Material supplied:
——————————

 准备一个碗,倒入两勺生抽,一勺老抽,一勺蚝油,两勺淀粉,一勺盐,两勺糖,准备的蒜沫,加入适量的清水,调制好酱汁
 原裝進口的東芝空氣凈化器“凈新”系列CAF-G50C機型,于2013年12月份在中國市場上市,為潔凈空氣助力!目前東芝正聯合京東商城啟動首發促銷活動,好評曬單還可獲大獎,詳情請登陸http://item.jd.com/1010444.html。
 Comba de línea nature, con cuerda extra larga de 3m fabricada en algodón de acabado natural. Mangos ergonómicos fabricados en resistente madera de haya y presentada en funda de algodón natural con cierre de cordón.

——————————

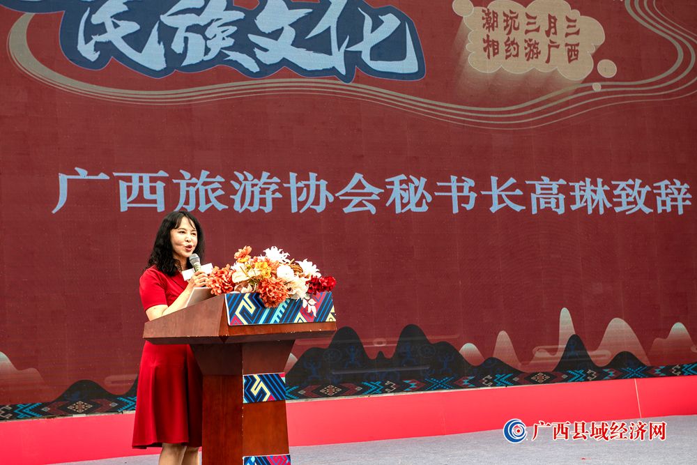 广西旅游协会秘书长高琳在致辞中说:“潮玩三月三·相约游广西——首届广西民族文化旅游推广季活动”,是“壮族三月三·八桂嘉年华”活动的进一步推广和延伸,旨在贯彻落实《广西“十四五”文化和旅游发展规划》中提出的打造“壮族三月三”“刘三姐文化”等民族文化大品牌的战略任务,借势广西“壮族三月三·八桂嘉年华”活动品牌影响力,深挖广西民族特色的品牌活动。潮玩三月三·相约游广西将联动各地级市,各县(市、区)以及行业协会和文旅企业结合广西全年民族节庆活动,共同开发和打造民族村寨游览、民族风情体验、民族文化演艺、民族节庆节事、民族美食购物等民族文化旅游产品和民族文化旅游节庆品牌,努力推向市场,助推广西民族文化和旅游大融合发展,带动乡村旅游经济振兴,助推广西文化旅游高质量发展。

——————————

How to complete this task:
Starting at the line that has "准备一个碗,倒入两勺生抽,一" and ending at the line that has "Comba de línea", please write out the lines above exactly, leaving out all others.

Task answer:
 准备一个碗,倒入两勺生抽,一勺老抽,一勺蚝油,两勺淀粉,一勺盐,两勺糖,准备的蒜沫,加入适量的清水,调制好酱汁
 原裝進口的東芝空氣凈化器“凈新”系列CAF-G50C機型,于2013年12月份在中國市場上市,為潔凈空氣助力!目前東芝正聯合京東商城啟動首發促銷活動,好評曬單還可獲大獎,詳情請登陸http://item.jd.com/1010444.html。
 Comba de línea nature, con cuerda extra larga de 3m fabricada en algodón de acabado natural. Mangos ergonómicos fabricados en resistente madera de haya y presentada en funda de algodón natural con cierre de cordón.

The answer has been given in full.